I have incorporated your suggestions below, but still after a ton of iteration the result is quite far from the (0.0, 0.0) expected result (the minimum of a quadratic function). To make the example less silly, I use 5 dimensions but only the first two are used to compute the output.

import copy
import matplotlib.pyplot as plt
import numpy as np
import pandas as pd
import torch
import torch.nn as nn
import torch.optim as optim
import tqdm
from sklearn.model_selection import train_test_split

## Get Training set
N_FEATURES = 5
X = np.random.rand(1000,N_FEATURES)-0.5
## Using only first two dimensions to compute y
y = np.apply_along_axis(lambda x: x[0]**2 +x[1]**2 + x[2]**2 , axis = 1, arr = X)[:, None]
X, y = torch.tensor(X, dtype=torch.float32), torch.tensor(y, dtype=torch.float32)
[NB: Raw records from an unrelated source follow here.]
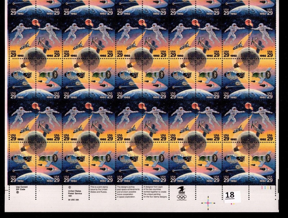 USA-1992-COSMOS-COSMONAUTI-NAVA SPATIALA-Bloc cu 50 timbre de 18 centi MNH
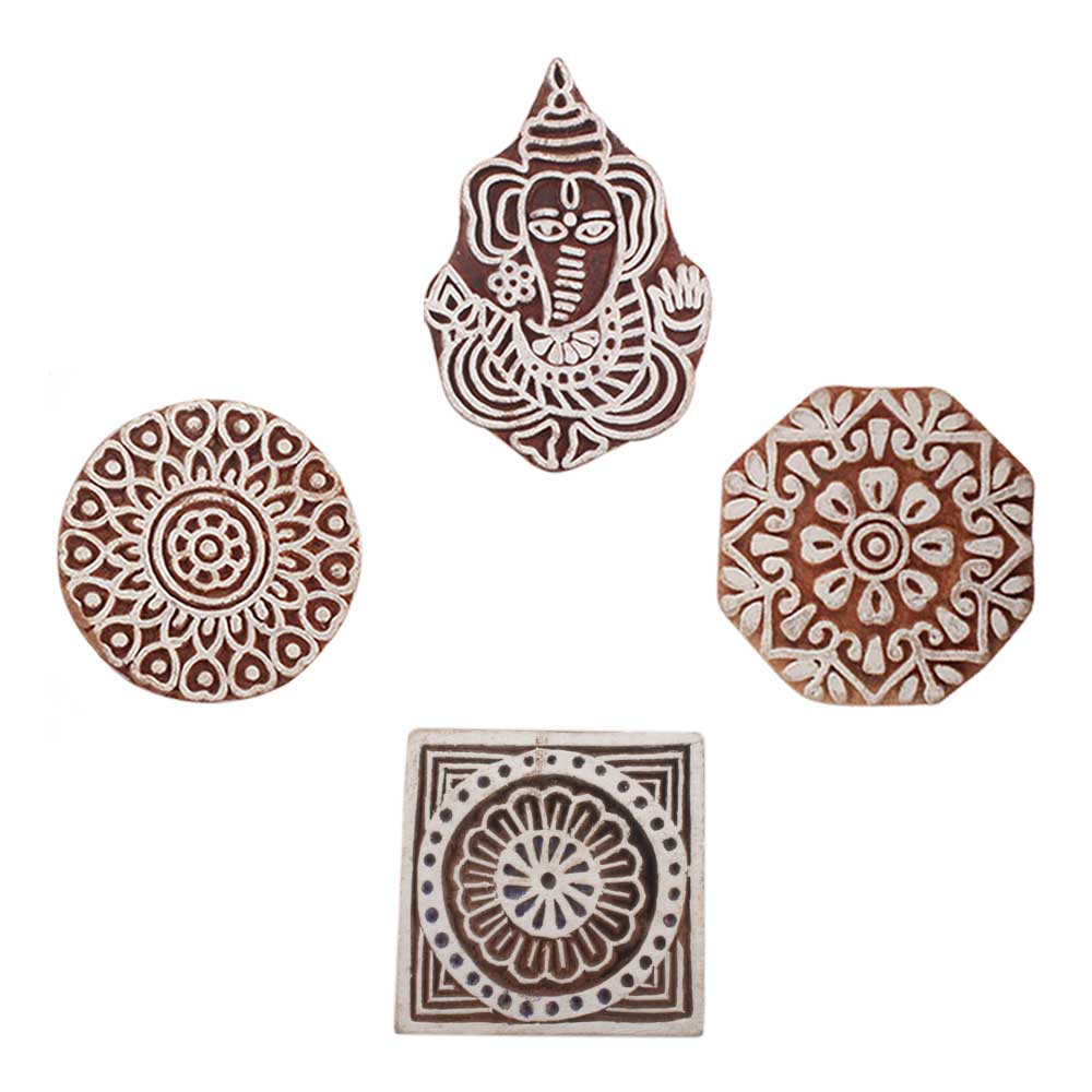 Set of 4 Piece New Mix Wooden Printing Block. Ideal for use on Fabric, Paper, Canvas, etc. These Blocks can be use to Print with Oil Colors, Fabric Colors, Water Colors, Acrylic Colors and Vegetable Colors.
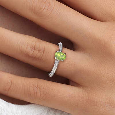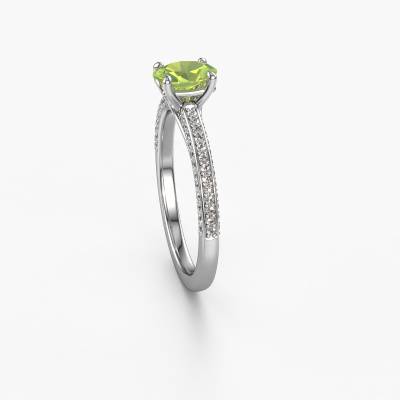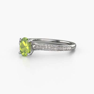 Der oben gezeigte Ring wird Elenore ovl genannt. Es ist ein Pavé Solitär Ring, da er einen zentralen Edelstein und ein Band mit Pavé-Fassung hat. Dieser Platin ring ist mit einem 6.5x4.5 mm oval Peridot-Mittelstein besetzt und das Band hat eine Pavé-Fassung mit Diamanten. Jedes Schmuckstück wird hergestellt von einem Team leidenschaftlicher Goldschmiede und Schmuckdesigner. Das wird Ihr Kronjuwel unbedingt zu einem Blickfang machen.Dieser exklusive Platin Pavé Solitär Verlobungsring mit Pavé-Fassung hat einen exquisiten, oval Peridot als Mittelstein. Um den zentralen Stein noch mehr zu betonen, hat das Band eine Pavé-Fassung mit weiteren Diamanten. Durch die offenen Krappen kann das Licht aus mehreren Winkeln auf den Peridot treffen und der Peridot-Ring funkelt noch mehr. Das obere Foto zeigt die leidenschaftlich handgefertigten Details des Rings. Die hohe Positionierung der Mittelstein ist ein echter Blickfang. Der perfekte Verlobungsring für das Kronjuwel Ihres Lebens!Nachdem Sie Ihre Bestellung aufgegeben haben, beginnen unsere Goldschmiede mit dem kreativen Prozess der Herstellung Ihres Elenore ovl Verlobungsring. Wir haben keine Lager. Das ist vorteilhaft, da diese Kosten nicht an Sie weitergegeben werden. Daher sind wir in der Lage, Schmuck zu außergewöhnlich niedrigen Preisen anzubieten.Haben Sie irgendwo einen bestimmten Verlobungsring gefunden, den Sie Ihrem Liebsten schenken möchten? Sie können uns gerne sagen, was Sie wollen und wir werden Ihr Design in einen Einzigartigen exklusive Verlobungsring verwandeln. Sie können die Entwicklungen Ihres Ringdesigns verfolgen, da wir 3D-Zeichnungen verwenden. Das gibt Ihnen eine realistische Vorschau, wie Ihr Design aussehen wird. Sie können auch einen Dummy vorbestellen. Ein Dummy ist ein Kunststoffring, der nach Ihrem Ringdesign gestaltet werden kann. Sie können ihn anprobieren und prüfen, ob seine Breite und Größe für Sie geeignet sind. Wir senden Ihnen gerne ein unverbindliches Angebot zu einem fairen Preis/Leistungsverhältnis. Sie werden in Anbetracht der Qualität des Rings und der Edelsteine überrascht sein.Um es einfacher zu machen, bieten wir eine kostenlose 30-tägige Rücksendung.
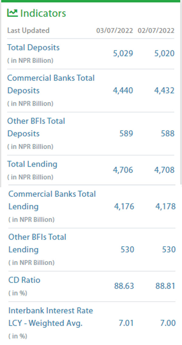 केन्द्रीय बैंकका अनुसार असार १९ गतेसम्म बैंक तथा वित्तीय संस्थाहरुको निक्षेप ५० खर्ब २९ अर्ब रुपैयाँ पुगेको छ । अघिल्लो दिन अर्थात् असार १८ गतेसम्म बैंक तथा वित्तीय संस्थाहरुको निक्षेप ५० खर्ब २० अर्ब रुपैयाँ रहेको थियो । एकैदिन ९ अर्ब निक्षेप थपिन पुगेको हो ।
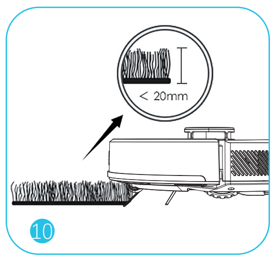 9. Der Roboter funktioniert möglicherweise nicht auf bestimmten dunklen, schwarzen Oberflächen, da die Anti-Dr眉ck-Sensoren, die eine Kante oder Treppe erkennen,
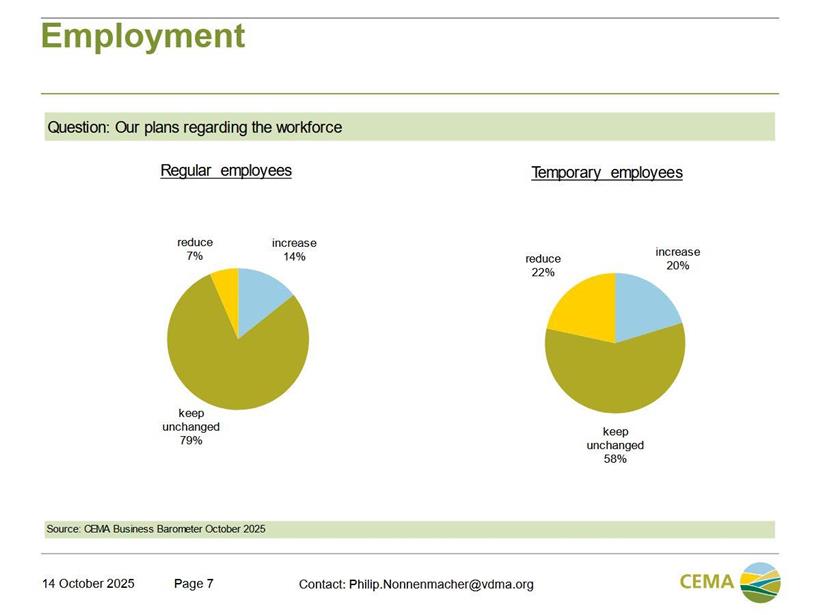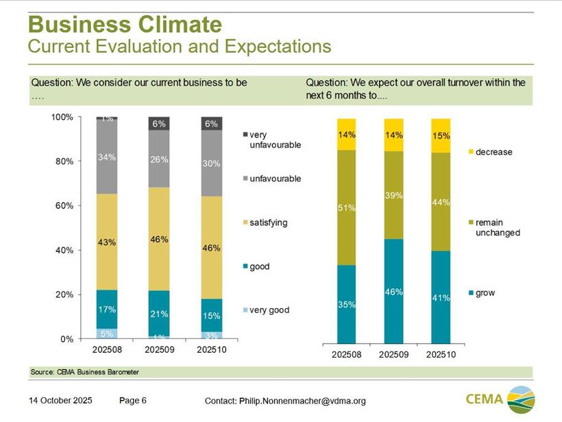 Η CEMA (European Agricultural Machinery Association) συντάσσει κάθε μήνα το Business Barometer, βασισμένο σε απαντήσεις 140 διευθυνόντων συμβούλων από εννέα ευρωπαϊκές χώρες. Η έρευνα αποτυπώνει όχι μόνο την τρέχουσα επιχειρηματική κατάσταση, αλλά και τις προσδοκίες πωλήσεων για τους επόμενους έξι μήνες, προσφέροντας μια αξιόπιστη εικόνα για τον παλμό της αγοράς γεωργικού εξοπλισμού στην Ευρώπη.

############## TRAIN MODEL


# train-test split for model evaluation
X_train, X_test, y_train, y_test = train_test_split(X, y, train_size=0.65, shuffle=True)

model = nn.Sequential(
    nn.Linear(N_FEATURES, 8),
    nn.ReLU(),
    nn.Linear(8, 12),
    nn.ReLU(),
    nn.Linear(12, 6),
    nn.ReLU(),
    nn.Linear(6, 1)
)
# loss function and optimizer
loss_fn = nn.MSELoss()  # mean square error
optimizer = optim.Adam(model.parameters(), lr=0.0001)

n_epochs = 50  # number of epochs to run
batch_size = 1  # size of each batch
batch_start = torch.arange(0, len(X_train), batch_size)

# Hold the best model
best_mse = np.inf   # init to infinity
best_weights = None
history = []


for epoch in range(n_epochs):
    model.train()
    with tqdm.tqdm(batch_start, unit="batch", mininterval=0, disable=True) as bar:
        bar.set_description(f"Epoch {epoch}")
        for start in bar:
            # take a batch
            X_batch = X_train[start:start+batch_size]
            y_batch = y_train[start:start+batch_size]
            # forward pass
            y_pred = model(X_batch)
            loss = loss_fn(y_pred, y_batch)
            # backward pass
            optimizer.zero_grad()
            loss.backward()
            # update weights
            optimizer.step()
            # print progress
            bar.set_postfix(mse=float(loss))
    # evaluate accuracy at end of each epoch
    model.eval()
    y_pred = model(X_test)
    mse = loss_fn(y_pred, y_test)
    mse = float(mse)
    history.append(mse)
    if mse < best_mse:
        best_mse = mse
        best_weights = copy.deepcopy(model.state_dict())

##########. FIND OPTIMIMUM INPUT

for param in model.parameters():
    param.requires_grad = False

X_0 = X_train[0].clone()              # Cloning one training row as first guess for my gradient-descent optimiser
X_0.requires_grad = True              # turns X_0 into a trainable tensor
optimizer = optim.Adam ([X_0], lr=0.0001)
    
INPUT_OPTIMISATION_ITER = 500
for epoch in range(INPUT_OPTIMISATION_ITER):
    model.train()
    #optimizer = optim.Adam ([X_0], lr=0.0001)
    with tqdm.tqdm(batch_start, unit="batch", mininterval=0, disable=True) as bar:
        bar.set_description(f"Epoch {epoch}")
        for start in bar:
            # take a batch
            # forward pass
            y_pred = model(X_0)
            ### loss = loss_fn(y_pred, y_batch)
            loss = y_pred
            # backward pass
            optimizer.zero_grad()
            loss.backward(retain_graph=True)
            # update weights
            optimizer.step()
            # print progress
            bar.set_postfix(mse=float(loss))



It runs without errors, but the final result is
tensor([ 0.0408, 0.2135, -0.1983, -0.0120, -0.1999], requires_grad=True)

The first two components being well far from 0, as the minimum should be.